### What you need to do
Read through the data, and wherever a line holds the word "three", write that line out.

--- Extracted material ---

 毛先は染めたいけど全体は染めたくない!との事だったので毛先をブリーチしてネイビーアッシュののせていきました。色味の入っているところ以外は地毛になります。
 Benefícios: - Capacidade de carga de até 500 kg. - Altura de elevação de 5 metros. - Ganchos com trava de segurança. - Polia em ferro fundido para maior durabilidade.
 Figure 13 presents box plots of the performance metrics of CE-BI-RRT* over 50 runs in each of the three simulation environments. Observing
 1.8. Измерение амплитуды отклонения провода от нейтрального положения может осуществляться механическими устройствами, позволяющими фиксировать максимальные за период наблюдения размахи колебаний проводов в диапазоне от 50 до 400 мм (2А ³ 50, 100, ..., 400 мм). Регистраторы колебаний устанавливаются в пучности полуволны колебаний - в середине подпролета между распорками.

---
--- Extracted material ---

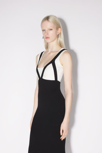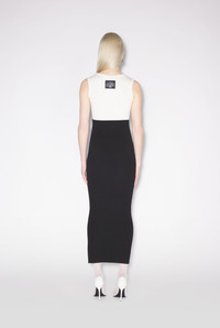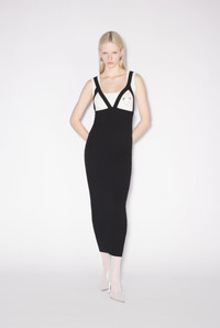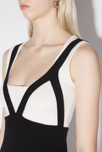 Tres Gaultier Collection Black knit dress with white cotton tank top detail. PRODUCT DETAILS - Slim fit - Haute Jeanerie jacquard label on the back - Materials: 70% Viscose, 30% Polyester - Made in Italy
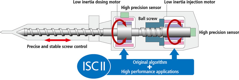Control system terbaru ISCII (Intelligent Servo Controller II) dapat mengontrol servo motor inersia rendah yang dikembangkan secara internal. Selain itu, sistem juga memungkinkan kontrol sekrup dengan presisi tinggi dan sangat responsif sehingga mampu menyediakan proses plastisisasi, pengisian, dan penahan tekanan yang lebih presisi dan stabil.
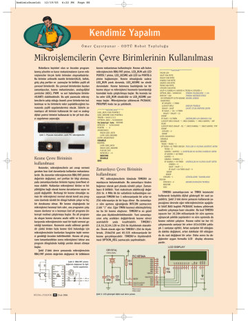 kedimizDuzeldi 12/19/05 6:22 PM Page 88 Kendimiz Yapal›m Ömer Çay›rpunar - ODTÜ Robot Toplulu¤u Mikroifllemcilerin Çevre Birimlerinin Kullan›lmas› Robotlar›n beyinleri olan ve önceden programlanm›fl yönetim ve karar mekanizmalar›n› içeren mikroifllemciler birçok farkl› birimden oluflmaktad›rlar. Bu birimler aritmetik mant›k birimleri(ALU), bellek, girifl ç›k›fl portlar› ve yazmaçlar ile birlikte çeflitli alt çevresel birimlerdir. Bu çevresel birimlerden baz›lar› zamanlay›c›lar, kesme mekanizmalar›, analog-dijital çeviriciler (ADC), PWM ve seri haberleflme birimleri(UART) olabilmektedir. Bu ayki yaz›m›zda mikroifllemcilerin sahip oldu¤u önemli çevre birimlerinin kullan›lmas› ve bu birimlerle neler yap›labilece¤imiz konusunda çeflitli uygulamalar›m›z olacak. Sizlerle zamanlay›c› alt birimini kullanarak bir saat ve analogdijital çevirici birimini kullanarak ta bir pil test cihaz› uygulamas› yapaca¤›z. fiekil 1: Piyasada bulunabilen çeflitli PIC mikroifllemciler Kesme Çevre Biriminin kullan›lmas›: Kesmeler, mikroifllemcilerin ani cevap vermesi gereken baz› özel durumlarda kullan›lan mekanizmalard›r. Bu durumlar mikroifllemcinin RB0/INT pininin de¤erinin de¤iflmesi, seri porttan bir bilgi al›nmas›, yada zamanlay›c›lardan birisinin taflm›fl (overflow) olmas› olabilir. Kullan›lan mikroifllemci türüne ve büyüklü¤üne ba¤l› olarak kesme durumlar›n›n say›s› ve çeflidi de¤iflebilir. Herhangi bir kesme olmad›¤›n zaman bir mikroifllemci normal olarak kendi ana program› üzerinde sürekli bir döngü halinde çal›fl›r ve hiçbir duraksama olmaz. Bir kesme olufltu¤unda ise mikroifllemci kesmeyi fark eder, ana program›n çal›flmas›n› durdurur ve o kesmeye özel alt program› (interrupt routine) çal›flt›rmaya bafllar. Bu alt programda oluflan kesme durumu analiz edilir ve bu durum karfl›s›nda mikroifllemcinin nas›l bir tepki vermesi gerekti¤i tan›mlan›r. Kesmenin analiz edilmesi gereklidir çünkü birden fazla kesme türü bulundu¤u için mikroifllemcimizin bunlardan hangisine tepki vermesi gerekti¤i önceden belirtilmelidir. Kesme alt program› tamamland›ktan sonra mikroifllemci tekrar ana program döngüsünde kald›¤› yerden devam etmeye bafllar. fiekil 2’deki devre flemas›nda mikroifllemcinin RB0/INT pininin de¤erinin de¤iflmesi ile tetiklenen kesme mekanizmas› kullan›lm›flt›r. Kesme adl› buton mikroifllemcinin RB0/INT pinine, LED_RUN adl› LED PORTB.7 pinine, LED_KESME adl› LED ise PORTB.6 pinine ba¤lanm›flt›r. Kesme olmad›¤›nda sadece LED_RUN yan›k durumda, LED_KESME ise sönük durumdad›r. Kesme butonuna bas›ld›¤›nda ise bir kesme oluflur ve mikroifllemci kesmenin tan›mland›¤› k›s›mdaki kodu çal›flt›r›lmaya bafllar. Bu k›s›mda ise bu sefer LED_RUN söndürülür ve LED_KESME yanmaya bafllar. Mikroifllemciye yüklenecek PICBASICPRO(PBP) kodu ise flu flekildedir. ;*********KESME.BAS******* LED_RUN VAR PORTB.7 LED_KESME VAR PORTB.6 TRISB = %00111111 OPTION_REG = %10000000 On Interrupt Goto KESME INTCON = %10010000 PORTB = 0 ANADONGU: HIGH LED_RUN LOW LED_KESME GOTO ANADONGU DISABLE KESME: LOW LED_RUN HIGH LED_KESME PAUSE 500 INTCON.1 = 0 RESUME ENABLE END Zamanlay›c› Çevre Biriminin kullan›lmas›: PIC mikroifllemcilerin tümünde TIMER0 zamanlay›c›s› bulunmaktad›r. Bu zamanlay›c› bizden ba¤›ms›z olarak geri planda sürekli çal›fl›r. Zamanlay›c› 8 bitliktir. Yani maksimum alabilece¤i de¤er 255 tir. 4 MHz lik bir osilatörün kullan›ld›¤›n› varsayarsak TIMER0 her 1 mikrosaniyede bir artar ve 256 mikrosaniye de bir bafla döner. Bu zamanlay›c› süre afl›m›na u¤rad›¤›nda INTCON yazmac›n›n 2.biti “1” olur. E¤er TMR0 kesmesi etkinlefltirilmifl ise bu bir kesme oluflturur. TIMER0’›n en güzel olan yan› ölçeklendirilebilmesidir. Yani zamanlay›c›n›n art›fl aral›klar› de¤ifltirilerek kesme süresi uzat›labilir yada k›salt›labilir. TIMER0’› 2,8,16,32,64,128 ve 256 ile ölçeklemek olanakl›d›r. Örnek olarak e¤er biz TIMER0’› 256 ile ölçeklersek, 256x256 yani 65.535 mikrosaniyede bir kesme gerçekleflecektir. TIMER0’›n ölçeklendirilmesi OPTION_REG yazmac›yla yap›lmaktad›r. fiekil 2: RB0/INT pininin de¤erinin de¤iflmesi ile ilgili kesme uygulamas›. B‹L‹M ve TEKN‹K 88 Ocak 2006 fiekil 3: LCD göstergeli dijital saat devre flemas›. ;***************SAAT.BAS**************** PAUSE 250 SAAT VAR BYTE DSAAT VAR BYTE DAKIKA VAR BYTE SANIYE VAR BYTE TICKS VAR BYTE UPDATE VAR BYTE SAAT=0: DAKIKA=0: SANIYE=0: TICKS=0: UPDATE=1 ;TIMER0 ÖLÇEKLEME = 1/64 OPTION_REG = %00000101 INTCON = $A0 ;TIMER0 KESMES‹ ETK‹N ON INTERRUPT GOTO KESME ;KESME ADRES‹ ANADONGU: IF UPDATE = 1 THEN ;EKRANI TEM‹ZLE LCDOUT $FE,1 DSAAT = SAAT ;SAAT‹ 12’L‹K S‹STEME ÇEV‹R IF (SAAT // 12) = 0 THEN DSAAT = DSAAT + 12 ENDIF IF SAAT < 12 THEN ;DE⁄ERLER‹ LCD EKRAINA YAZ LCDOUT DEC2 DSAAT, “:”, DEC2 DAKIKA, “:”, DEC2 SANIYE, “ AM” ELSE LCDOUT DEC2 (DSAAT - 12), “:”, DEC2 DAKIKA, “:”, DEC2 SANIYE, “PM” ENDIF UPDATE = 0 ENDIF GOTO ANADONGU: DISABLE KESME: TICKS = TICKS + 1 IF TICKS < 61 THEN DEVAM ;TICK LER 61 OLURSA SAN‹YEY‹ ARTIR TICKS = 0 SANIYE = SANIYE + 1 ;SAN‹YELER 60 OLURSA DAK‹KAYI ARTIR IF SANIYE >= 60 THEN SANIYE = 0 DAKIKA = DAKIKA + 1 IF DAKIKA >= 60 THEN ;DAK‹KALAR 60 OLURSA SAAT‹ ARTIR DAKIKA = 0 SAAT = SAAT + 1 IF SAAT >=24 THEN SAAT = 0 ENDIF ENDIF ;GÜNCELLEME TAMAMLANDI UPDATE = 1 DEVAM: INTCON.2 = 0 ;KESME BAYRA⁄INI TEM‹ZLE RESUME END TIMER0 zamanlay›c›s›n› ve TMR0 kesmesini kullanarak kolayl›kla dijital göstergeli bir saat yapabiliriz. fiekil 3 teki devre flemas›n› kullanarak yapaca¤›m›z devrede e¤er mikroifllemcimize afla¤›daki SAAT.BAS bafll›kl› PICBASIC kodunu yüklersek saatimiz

---
--- Extracted material ---

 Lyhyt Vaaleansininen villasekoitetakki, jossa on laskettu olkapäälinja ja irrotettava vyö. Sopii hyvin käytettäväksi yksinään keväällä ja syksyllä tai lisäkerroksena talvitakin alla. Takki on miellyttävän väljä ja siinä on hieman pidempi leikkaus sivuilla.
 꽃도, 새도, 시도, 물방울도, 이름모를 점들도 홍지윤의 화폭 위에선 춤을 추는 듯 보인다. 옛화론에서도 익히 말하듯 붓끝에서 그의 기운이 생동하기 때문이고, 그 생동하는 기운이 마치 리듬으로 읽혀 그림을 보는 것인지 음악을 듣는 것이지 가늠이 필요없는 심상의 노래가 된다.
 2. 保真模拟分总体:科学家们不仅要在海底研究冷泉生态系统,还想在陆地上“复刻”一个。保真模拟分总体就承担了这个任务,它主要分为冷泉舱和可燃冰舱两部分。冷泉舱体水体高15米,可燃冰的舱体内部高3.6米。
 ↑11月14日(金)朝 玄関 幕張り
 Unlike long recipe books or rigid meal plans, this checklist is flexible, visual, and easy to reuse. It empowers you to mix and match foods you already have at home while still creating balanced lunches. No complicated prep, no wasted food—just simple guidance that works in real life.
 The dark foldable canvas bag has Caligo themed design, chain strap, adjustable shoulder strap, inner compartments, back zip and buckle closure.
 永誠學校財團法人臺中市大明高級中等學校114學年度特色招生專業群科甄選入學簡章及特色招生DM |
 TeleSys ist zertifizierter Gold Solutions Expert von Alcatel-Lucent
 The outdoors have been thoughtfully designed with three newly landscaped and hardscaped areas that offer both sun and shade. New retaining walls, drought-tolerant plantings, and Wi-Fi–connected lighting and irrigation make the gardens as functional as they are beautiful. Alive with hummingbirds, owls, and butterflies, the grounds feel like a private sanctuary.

---

### Worked solution
 Figure 13 presents box plots of the performance metrics of CE-BI-RRT* over 50 runs in each of the three simulation environments. Observing
 The outdoors have been thoughtfully designed with three newly landscaped and hardscaped areas that offer both sun and shade. New retaining walls, drought-tolerant plantings, and Wi-Fi–connected lighting and irrigation make the gardens as functional as they are beautiful. Alive with hummingbirds, owls, and butterflies, the grounds feel like a private sanctuary.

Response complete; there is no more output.